◆ Stored entries
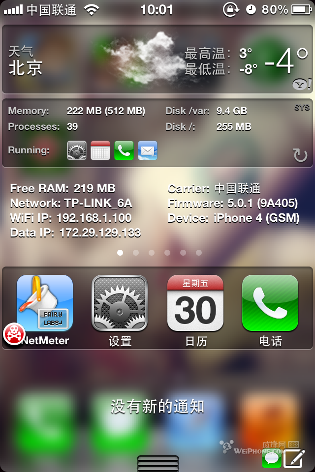 18、NetMeterWidget:通知中心显示,第一张图片天气下面就是它,还可以划动。
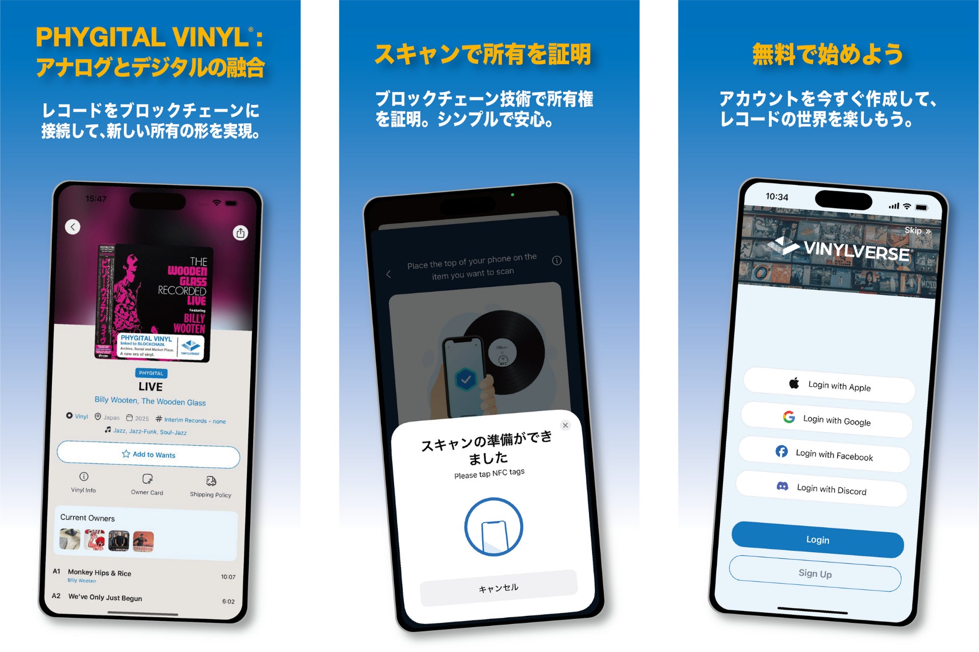 VINYLVERSEをダウンロードして会員登録するだけで、あなたのレコードコレクションを美しく管理し、音楽ファン同士のつながりを広げることができます。
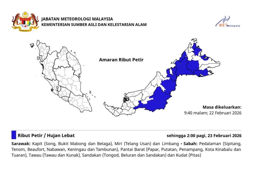 气象局发布最新警报,雷雨、暴雨及强风将横扫东马多个地区!根据马来西亚气象局(MET Malaysia)于周日(22日)晚上9时40分发出的预警,沙巴与砂拉越受影响地区的恶劣天气预计将持续至周一(23日)凌晨2时。
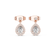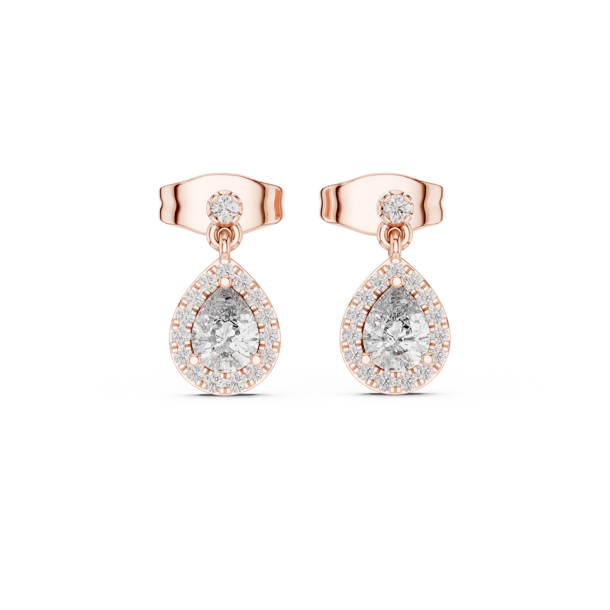 Pear Cut Diamond Halo Drop Earrings with Pavé Accents
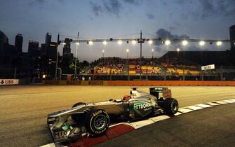 Una fase delle qualificazioni al Gran Premio di Singapore. Qui il finlandese Nico Rosberg su Mercedes
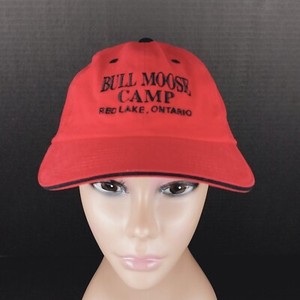 Bull Moose Camp Red Lake Ontario Canada Strapback Cap Hat Red Adjustable
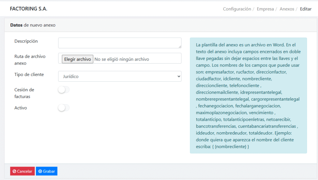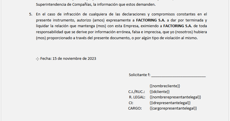 Como cada empresa de factoring tiene sus propios formatos ya definidos, lo ideal es que se suban al sistema a manera de plantillas, para que se generen de forma automática con los datos de la operación.

◆ WORK TO BE COMPLETED
Exactly the lines from the one with "Una fase delle" through the end of the records are to be repeated, both ends included, and pictures are to be omitted.

◆ SOLUTION BELOW
 Una fase delle qualificazioni al Gran Premio di Singapore. Qui il finlandese Nico Rosberg su Mercedes
 Bull Moose Camp Red Lake Ontario Canada Strapback Cap Hat Red Adjustable
 Como cada empresa de factoring tiene sus propios formatos ya definidos, lo ideal es que se suban al sistema a manera de plantillas, para que se generen de forma automática con los datos de la operación.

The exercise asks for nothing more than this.